---------- INFORMATION SUPPLIED

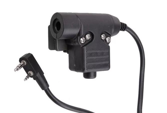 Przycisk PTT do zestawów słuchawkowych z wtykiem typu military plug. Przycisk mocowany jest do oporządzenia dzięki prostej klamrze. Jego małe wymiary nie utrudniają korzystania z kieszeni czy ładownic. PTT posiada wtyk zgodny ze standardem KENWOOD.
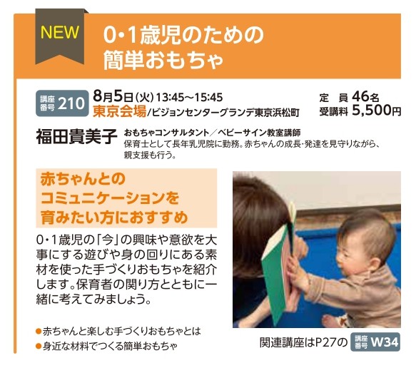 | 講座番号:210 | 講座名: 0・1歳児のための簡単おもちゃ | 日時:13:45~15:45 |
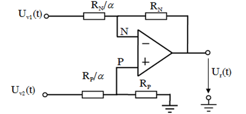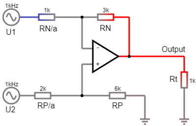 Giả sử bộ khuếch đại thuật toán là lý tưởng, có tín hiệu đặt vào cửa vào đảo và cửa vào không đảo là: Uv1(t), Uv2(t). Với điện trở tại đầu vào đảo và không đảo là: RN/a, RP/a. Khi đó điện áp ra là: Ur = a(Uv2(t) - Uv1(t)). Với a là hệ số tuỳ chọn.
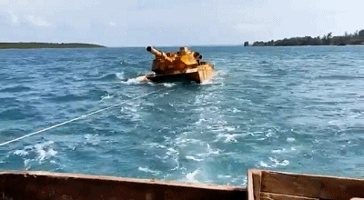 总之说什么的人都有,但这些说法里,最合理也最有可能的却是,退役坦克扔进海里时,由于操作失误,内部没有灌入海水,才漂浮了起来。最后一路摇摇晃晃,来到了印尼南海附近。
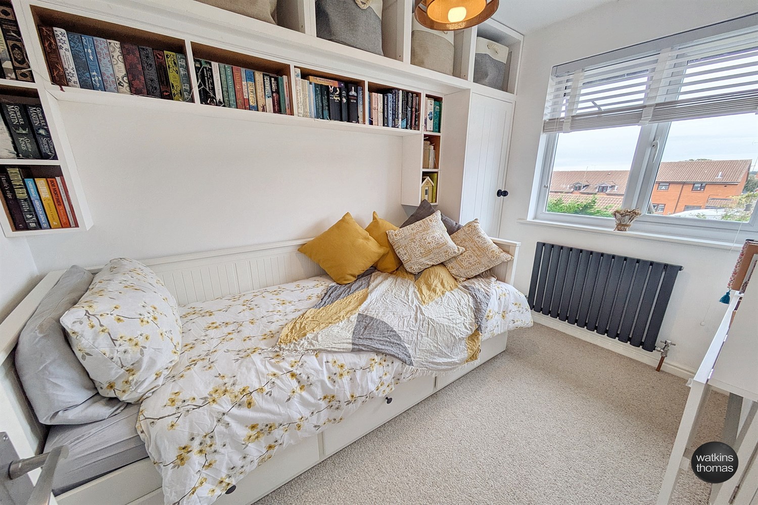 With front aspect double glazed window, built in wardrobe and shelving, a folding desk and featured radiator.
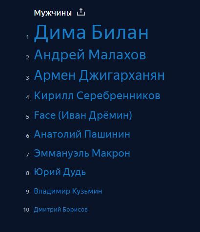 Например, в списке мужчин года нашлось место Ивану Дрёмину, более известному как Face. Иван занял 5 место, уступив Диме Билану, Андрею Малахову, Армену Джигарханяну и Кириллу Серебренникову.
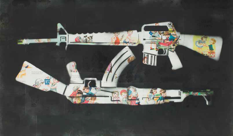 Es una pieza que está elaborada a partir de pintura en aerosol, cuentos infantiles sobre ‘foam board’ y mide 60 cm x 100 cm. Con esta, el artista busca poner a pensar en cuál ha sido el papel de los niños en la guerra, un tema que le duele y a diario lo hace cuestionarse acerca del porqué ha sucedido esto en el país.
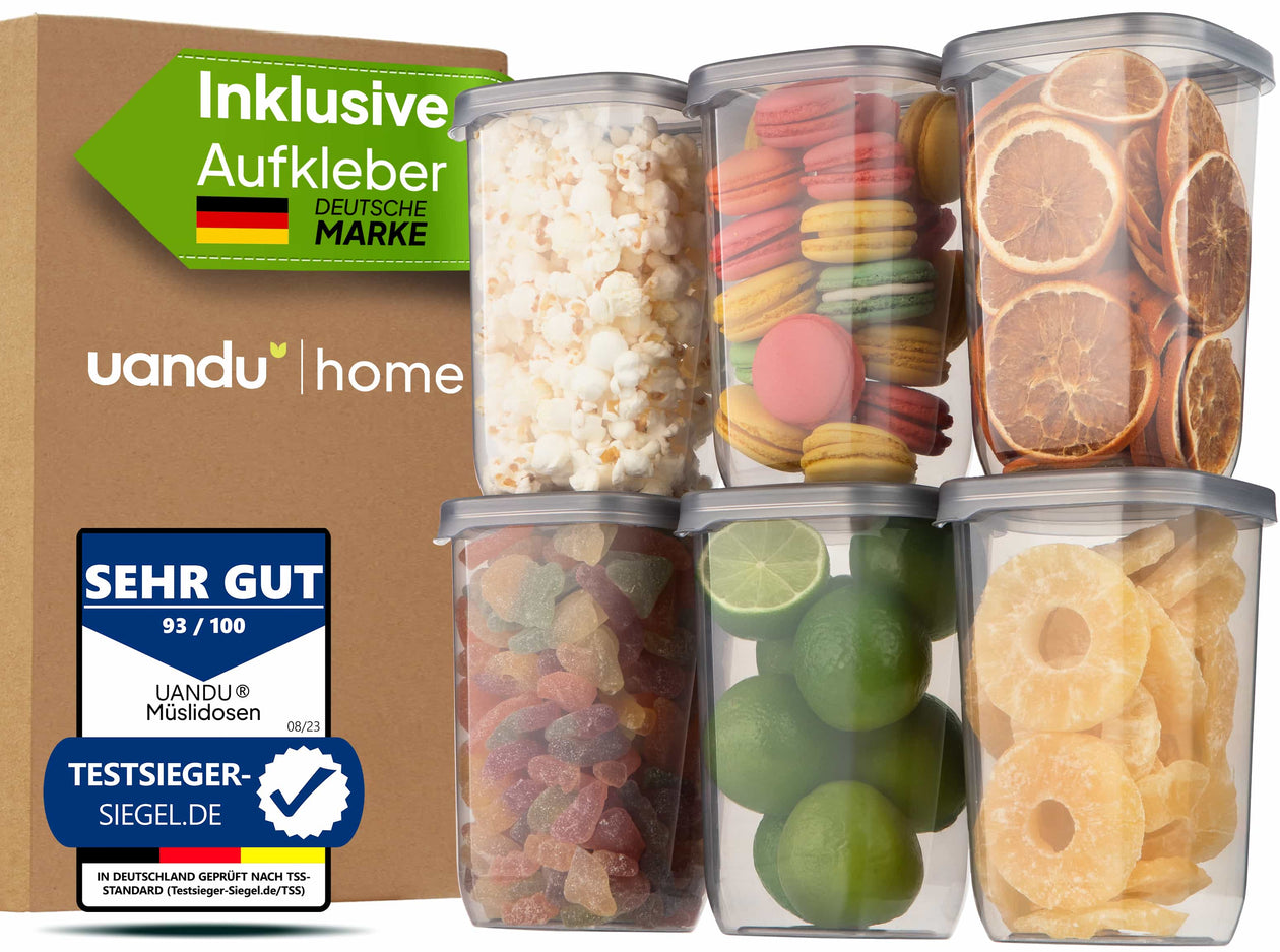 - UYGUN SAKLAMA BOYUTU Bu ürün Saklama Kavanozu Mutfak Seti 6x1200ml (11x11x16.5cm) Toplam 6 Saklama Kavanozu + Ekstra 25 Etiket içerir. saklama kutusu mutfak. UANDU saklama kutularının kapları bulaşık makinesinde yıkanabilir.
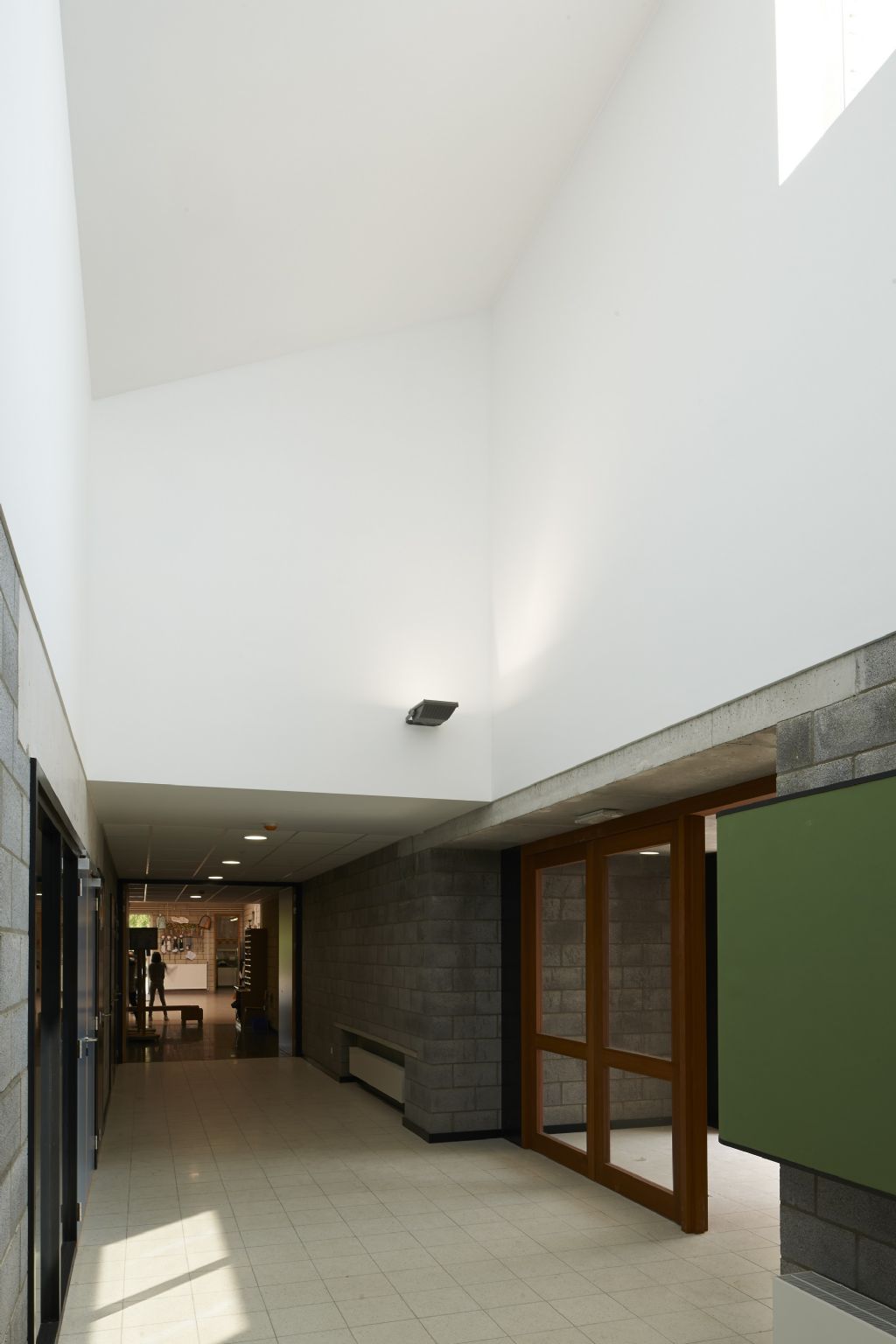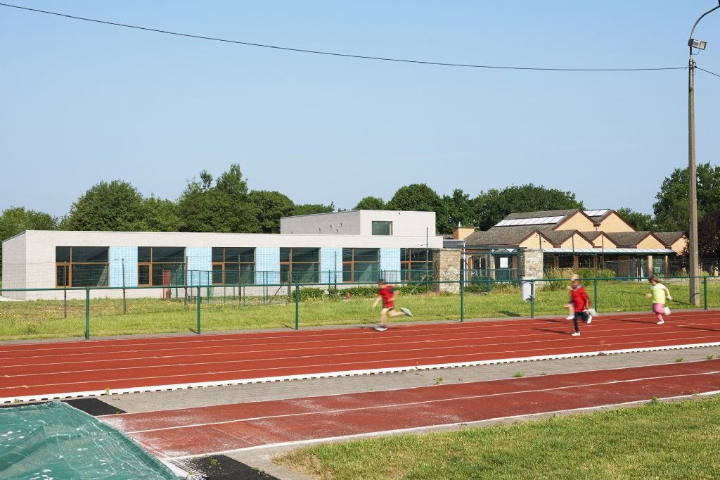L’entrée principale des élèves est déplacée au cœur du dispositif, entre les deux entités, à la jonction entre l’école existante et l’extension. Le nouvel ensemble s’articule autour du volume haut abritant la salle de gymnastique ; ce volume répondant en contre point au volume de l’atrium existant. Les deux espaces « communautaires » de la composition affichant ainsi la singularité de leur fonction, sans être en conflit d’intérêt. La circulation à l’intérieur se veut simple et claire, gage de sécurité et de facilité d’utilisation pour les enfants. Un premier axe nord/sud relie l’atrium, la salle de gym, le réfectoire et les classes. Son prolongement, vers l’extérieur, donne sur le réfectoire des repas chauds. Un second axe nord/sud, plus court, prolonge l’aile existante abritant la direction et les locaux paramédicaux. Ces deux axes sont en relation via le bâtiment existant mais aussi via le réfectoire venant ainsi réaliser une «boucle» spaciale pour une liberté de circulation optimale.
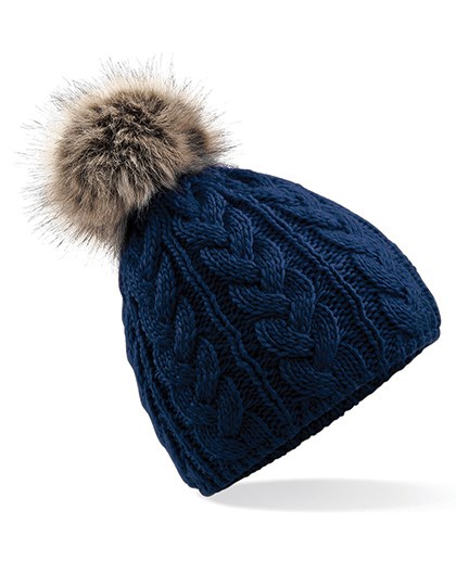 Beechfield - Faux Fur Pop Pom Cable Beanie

--------------------

### WHAT YOU NEED TO DO
Set down exactly the lines above, from the line containing "0・1歳児のための簡単おもちゃ | 日時:13:45~15:45 |" through the line containing "总之说什么的人都有,但这些说". Skip the pictures.

### OUTPUT OF THE TASK
 | 講座番号:210 | 講座名: 0・1歳児のための簡単おもちゃ | 日時:13:45~15:45 |
 Giả sử bộ khuếch đại thuật toán là lý tưởng, có tín hiệu đặt vào cửa vào đảo và cửa vào không đảo là: Uv1(t), Uv2(t). Với điện trở tại đầu vào đảo và không đảo là: RN/a, RP/a. Khi đó điện áp ra là: Ur = a(Uv2(t) - Uv1(t)). Với a là hệ số tuỳ chọn.
 总之说什么的人都有,但这些说法里,最合理也最有可能的却是,退役坦克扔进海里时,由于操作失误,内部没有灌入海水,才漂浮了起来。最后一路摇摇晃晃,来到了印尼南海附近。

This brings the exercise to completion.